If you are Epic Games running Fortnite on AWS, and you want to direct millions
of player connections through a brand new, freshly provisioned load balancer
then you should definitely talk to support to make sure the load balancer is
prewarmed and ready for that level of traffic.

But 99.99% of websites and service won't need intervention or prewarming at
the load balancer level because the load balancer can and will scale up far
faster than your backend server provisioning and scaling, or your database
will. You only need to worry about prewarming a load balancer in the very
specific conditions where you are immediately redirecting millions of active
connections over to a new load balancer, and frankly there are very few
companies that have that problem.

Additionally even if you do have that problem Amazon gives you the tools to
solve it without needing any manual prewarming.

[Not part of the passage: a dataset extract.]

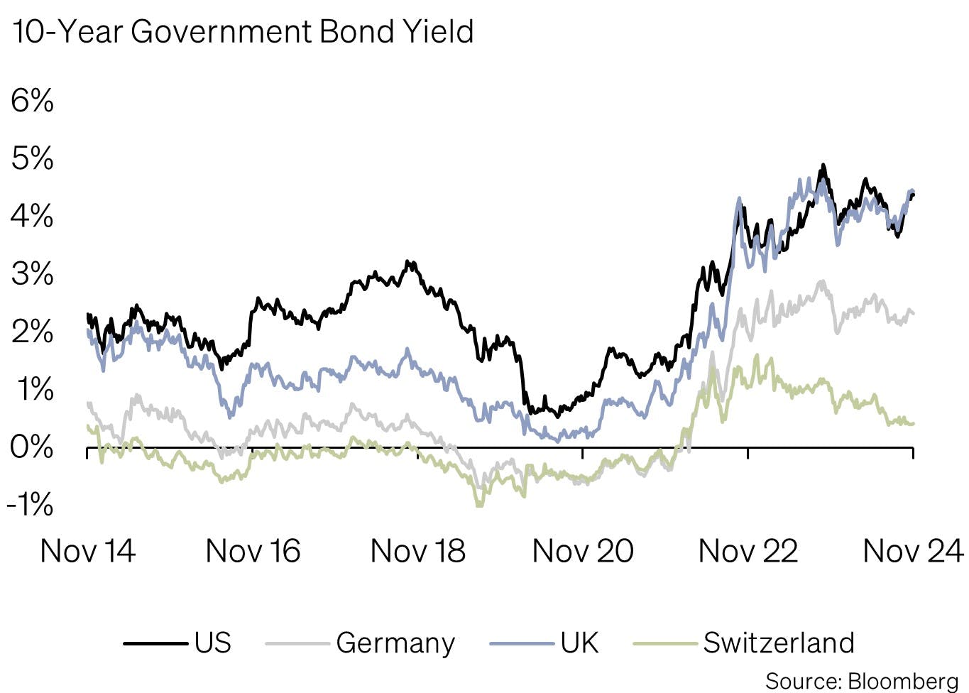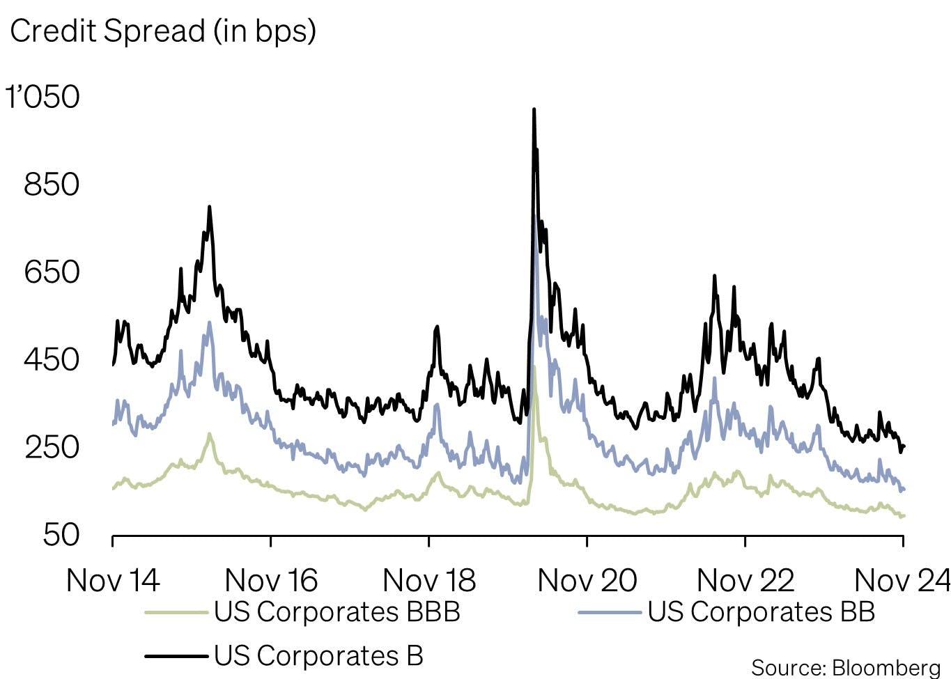 Given current high valuations and ambitious earnings expectations for 2025, we maintain a neutral stance on equities. In light of the subdued outlook for the consumer staples sector this earnings season, we are reducing our overweight in the sector to a neutral position. In fixed income, we continue to avoid credit risk, as risk premiums have fallen to record lows following the U.S. elections.

Any blue/green traffic
switchover at massive scale should probably use a weighted Route 53 DNS record
set. You wouldn't immediately cut 100% of your traffic over to a new load
balancer, instead you should dial it up in percentage increments while testing
and monitoring the new stack. ALB and NLB can autoscale up gracefully and
automatically as you increase the DNS weight on the new DNS record.

------
bastawhiz
I have to say, it's really frustrating that Postgres is a second class citizen
in the AWS ecosystem. Aurora in general is often far behind on Postgres
support relative to MySQL. I hope this changes going forward.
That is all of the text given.